- [What you need to do]: When the listing below reaches the line that has "敷地の斜辺を利用して外壁も添うように斜辺に", start reproducing exactly; stop after the line that has "Basurero de cubo", and drop the pictures.

- [Provided data]:
# # # # # # #

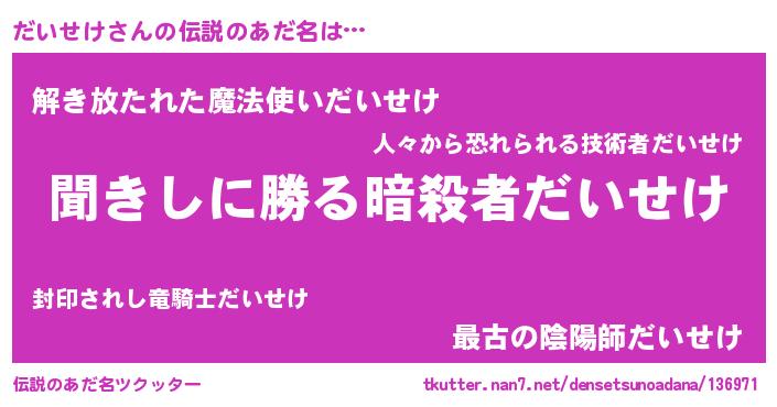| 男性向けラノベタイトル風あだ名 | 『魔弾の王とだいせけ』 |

# # # # # # #

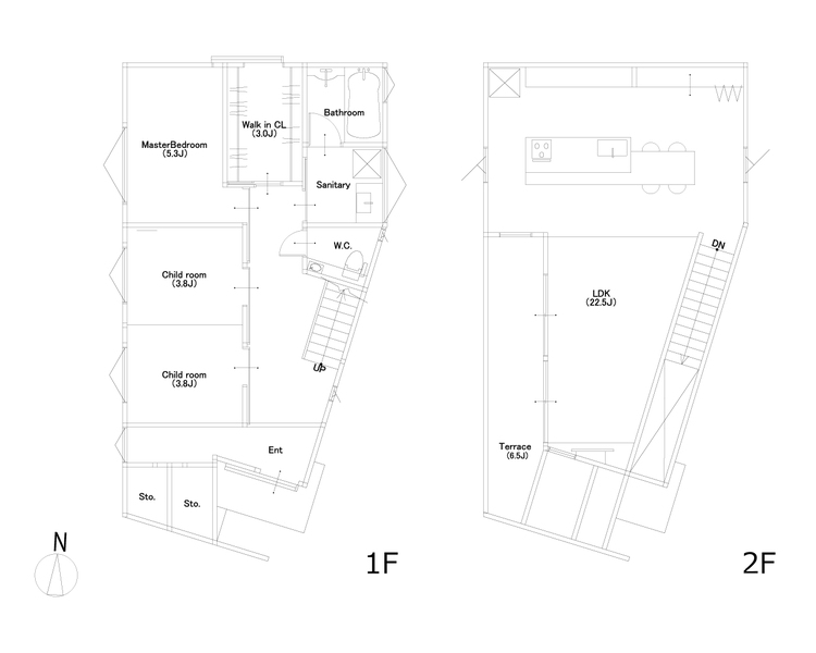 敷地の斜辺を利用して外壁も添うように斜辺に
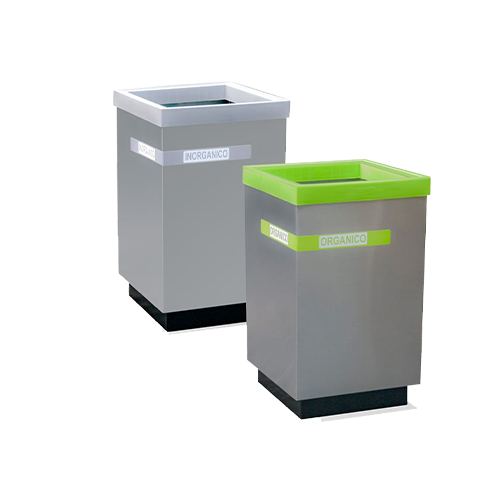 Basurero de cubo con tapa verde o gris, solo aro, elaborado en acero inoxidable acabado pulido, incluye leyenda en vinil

# # # # # # #

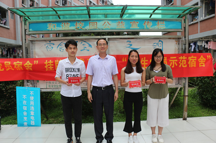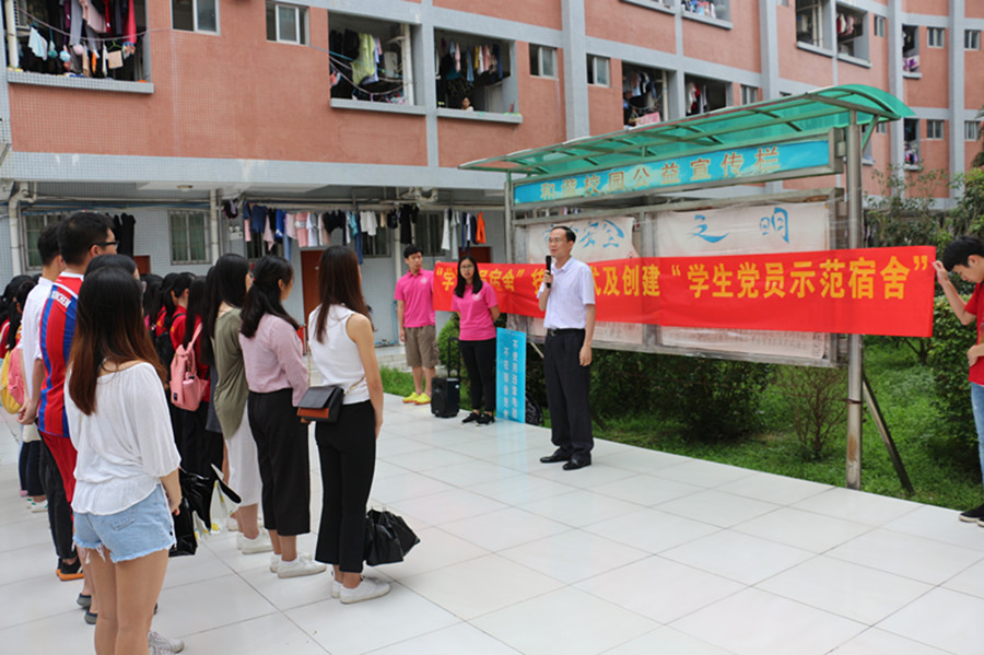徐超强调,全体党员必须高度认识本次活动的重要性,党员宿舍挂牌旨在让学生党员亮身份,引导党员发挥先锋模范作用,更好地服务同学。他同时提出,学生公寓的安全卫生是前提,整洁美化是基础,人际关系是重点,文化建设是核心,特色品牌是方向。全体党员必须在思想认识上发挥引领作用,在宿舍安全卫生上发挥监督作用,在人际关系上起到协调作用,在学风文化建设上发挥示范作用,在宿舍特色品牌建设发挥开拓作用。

# # # # # # #

- [Exercise result]:
 敷地の斜辺を利用して外壁も添うように斜辺に
 Basurero de cubo con tapa verde o gris, solo aro, elaborado en acero inoxidable acabado pulido, incluye leyenda en vinil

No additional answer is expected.